Data records Block Start

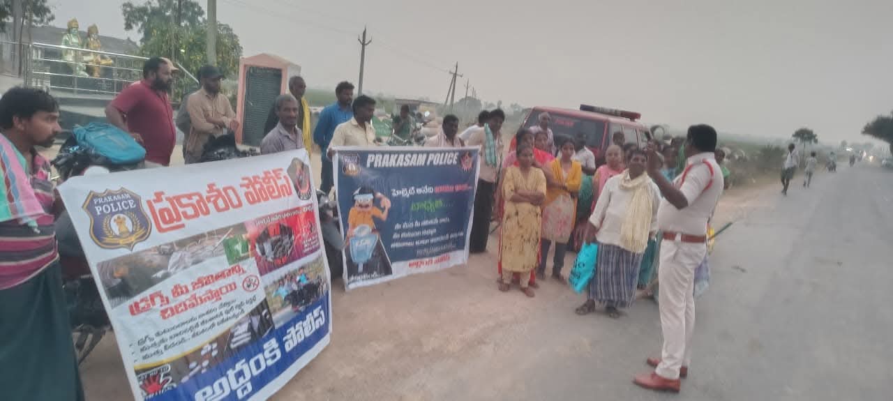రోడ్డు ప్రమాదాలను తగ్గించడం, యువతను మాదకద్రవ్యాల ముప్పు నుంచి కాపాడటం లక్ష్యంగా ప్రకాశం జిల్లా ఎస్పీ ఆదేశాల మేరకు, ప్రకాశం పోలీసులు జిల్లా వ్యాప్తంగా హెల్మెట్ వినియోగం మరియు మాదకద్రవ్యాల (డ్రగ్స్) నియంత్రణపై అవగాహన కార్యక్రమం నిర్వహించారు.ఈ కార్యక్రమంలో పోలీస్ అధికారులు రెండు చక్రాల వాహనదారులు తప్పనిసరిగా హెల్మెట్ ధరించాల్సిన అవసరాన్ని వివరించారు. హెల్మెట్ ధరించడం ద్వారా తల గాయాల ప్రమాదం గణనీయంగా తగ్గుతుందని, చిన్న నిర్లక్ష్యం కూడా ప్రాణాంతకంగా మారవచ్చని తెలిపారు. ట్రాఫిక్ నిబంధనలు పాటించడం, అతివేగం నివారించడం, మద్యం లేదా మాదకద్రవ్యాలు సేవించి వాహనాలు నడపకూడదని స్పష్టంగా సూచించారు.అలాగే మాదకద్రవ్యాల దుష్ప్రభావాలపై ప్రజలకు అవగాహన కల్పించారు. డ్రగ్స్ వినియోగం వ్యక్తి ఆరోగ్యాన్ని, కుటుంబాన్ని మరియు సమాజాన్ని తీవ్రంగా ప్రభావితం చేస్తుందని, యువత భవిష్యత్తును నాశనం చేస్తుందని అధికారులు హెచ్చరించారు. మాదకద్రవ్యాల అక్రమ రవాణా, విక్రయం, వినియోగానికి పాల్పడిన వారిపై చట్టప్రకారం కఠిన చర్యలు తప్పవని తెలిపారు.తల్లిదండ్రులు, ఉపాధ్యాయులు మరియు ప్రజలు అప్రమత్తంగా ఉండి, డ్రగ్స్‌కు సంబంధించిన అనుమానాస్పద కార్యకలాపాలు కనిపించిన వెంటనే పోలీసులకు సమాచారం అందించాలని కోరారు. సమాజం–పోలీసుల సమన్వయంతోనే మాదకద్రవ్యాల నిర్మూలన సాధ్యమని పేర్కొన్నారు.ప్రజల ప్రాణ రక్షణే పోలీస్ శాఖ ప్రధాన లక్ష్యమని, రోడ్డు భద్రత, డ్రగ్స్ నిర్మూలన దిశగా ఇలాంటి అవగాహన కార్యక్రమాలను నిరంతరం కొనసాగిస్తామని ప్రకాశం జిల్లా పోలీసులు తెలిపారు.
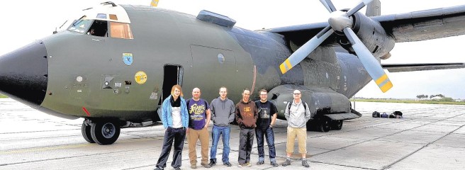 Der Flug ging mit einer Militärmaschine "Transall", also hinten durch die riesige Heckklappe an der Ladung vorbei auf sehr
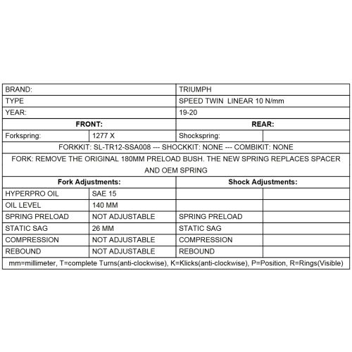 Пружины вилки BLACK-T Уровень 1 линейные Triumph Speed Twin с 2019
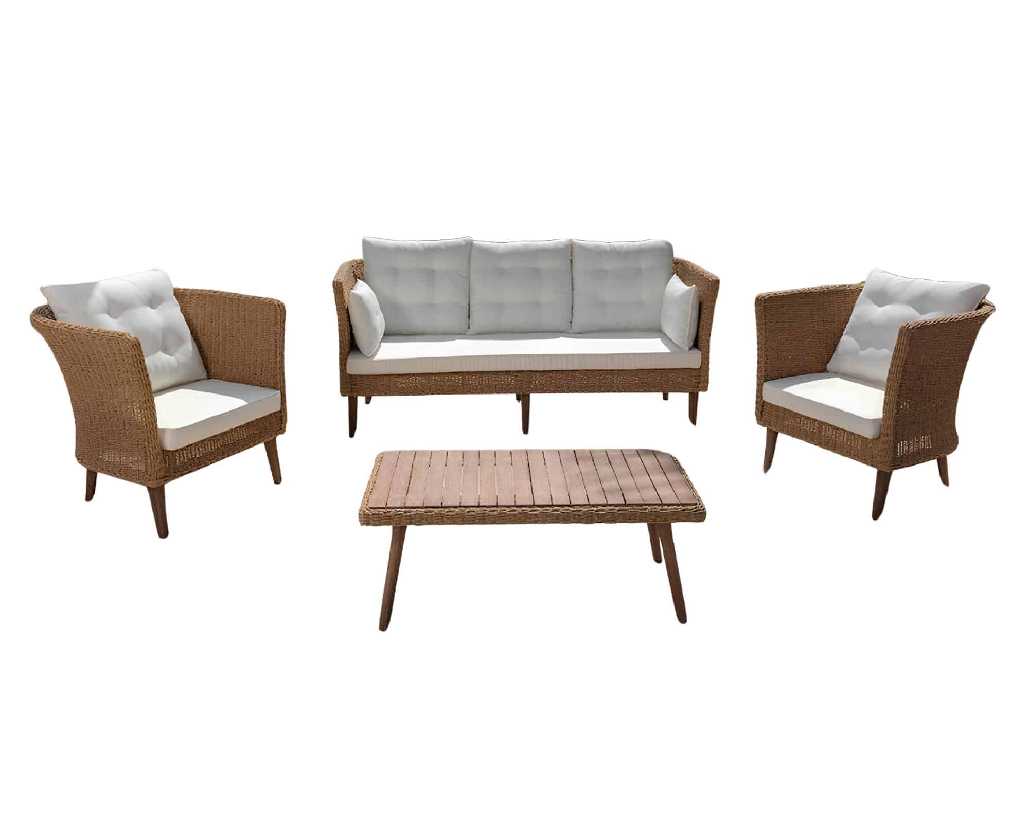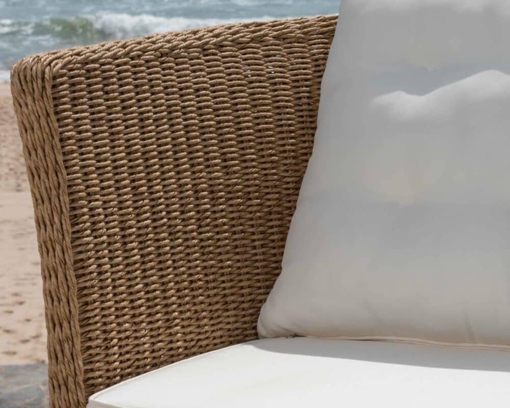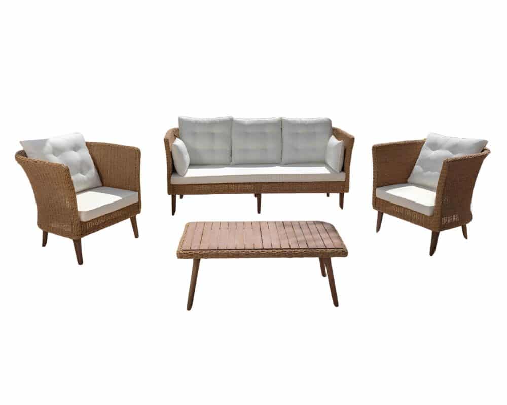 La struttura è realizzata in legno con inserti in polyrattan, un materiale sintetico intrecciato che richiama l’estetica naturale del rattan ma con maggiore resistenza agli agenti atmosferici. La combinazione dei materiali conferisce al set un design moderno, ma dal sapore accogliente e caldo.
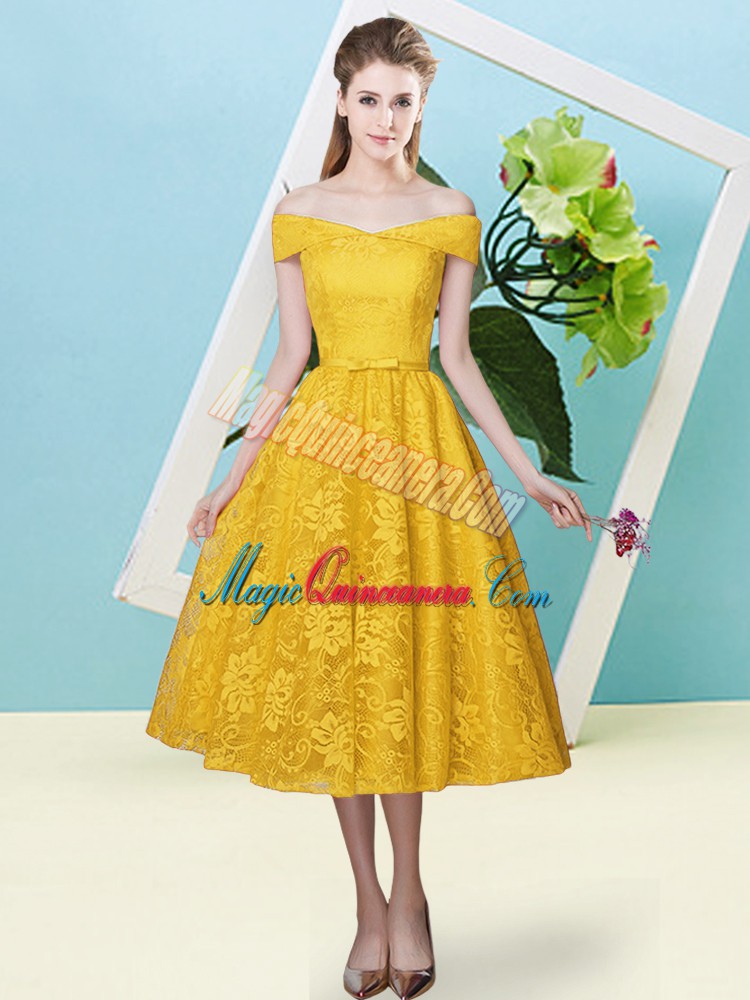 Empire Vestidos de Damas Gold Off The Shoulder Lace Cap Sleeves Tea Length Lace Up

Data records Block End
Data records Block Start

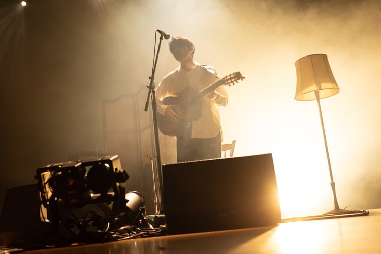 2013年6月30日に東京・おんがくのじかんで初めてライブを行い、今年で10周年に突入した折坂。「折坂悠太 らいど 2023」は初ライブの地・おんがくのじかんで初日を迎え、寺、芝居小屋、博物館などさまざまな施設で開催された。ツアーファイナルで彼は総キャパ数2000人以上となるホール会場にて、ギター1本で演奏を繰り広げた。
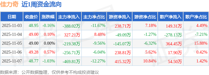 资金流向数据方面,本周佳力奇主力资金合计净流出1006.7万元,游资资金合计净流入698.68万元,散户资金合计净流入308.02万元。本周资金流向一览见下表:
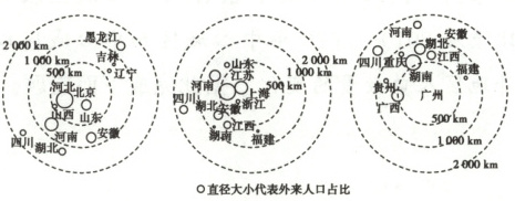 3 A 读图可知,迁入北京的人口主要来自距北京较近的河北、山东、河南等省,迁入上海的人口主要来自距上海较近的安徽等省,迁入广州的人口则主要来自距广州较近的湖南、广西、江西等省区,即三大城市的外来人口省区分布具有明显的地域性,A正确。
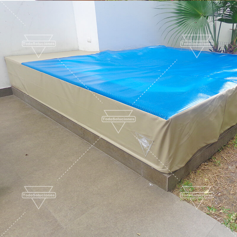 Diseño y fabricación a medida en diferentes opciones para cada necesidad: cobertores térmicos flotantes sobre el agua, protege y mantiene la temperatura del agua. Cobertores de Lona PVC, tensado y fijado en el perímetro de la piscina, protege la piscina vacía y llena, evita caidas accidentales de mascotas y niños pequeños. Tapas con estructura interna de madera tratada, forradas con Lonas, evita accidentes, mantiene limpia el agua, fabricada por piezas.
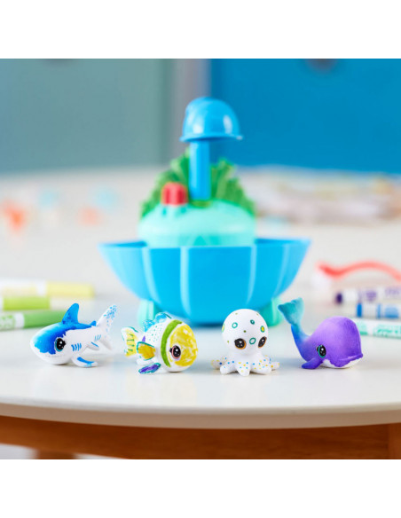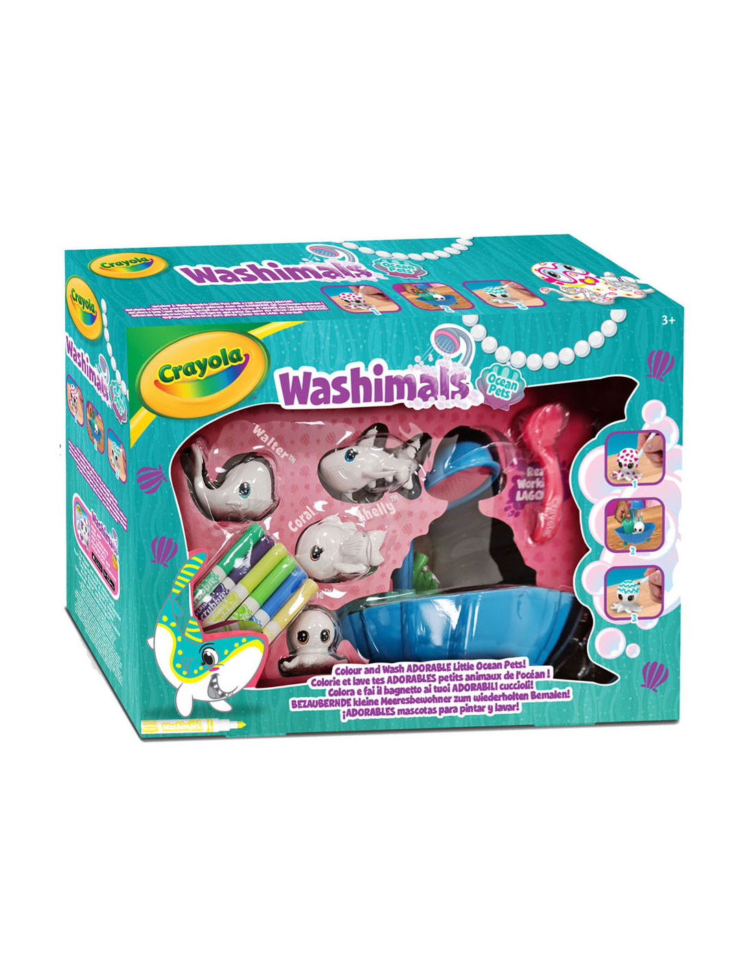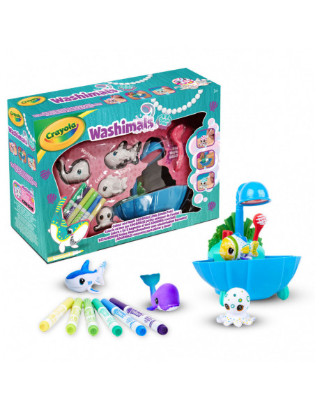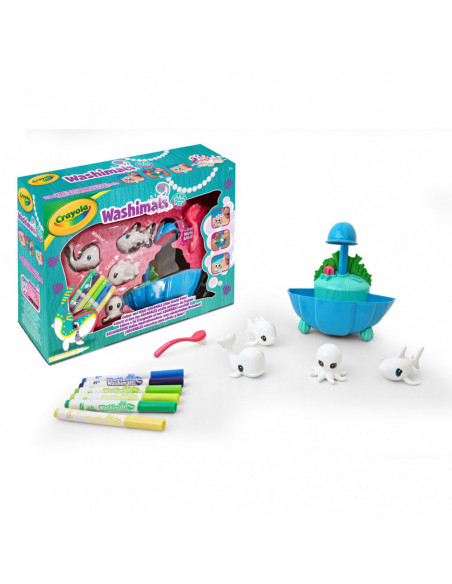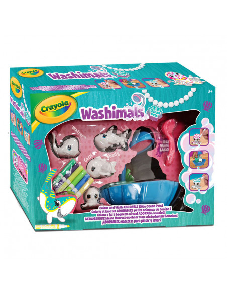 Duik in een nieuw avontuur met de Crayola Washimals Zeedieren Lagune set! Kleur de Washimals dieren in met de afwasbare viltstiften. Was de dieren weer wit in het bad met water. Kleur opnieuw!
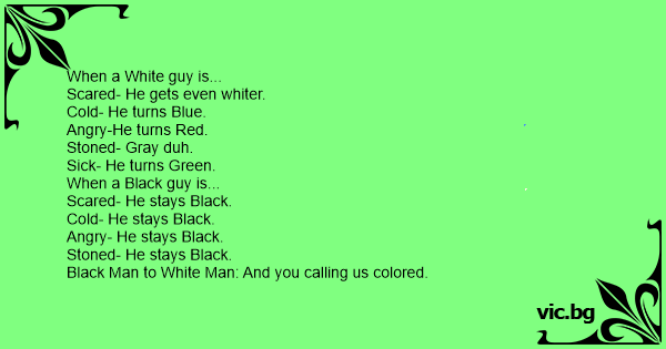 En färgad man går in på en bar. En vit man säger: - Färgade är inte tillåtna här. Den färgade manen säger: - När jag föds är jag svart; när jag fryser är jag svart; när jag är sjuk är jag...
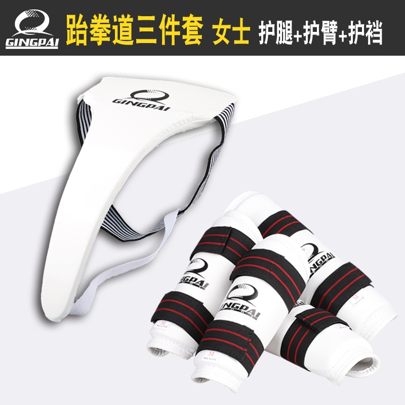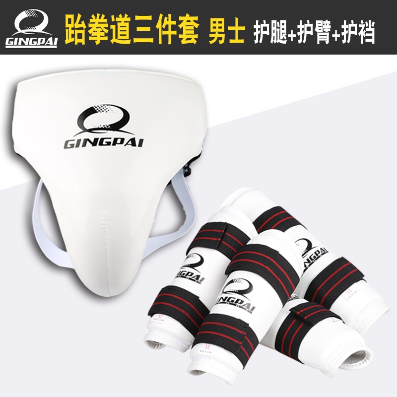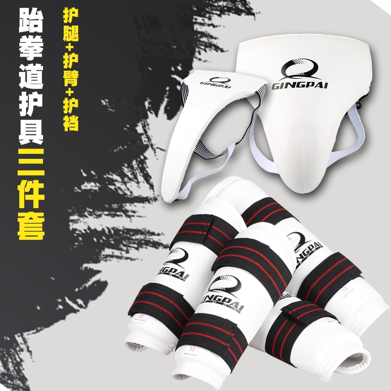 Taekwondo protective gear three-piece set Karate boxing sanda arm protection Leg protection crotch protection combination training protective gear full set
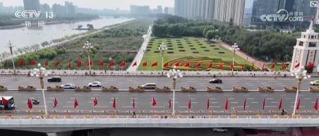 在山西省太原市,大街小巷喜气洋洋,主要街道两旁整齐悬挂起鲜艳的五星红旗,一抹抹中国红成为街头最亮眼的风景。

Data records Block End

Quote word for word only the lines above from the one containing "Der Flug ging" through the one containing "Empire Vestidos de". Pictures stay out of your copy.

(Response):
 Der Flug ging mit einer Militärmaschine "Transall", also hinten durch die riesige Heckklappe an der Ladung vorbei auf sehr
 Пружины вилки BLACK-T Уровень 1 линейные Triumph Speed Twin с 2019
 La struttura è realizzata in legno con inserti in polyrattan, un materiale sintetico intrecciato che richiama l’estetica naturale del rattan ma con maggiore resistenza agli agenti atmosferici. La combinazione dei materiali conferisce al set un design moderno, ma dal sapore accogliente e caldo.
 Empire Vestidos de Damas Gold Off The Shoulder Lace Cap Sleeves Tea Length Lace Up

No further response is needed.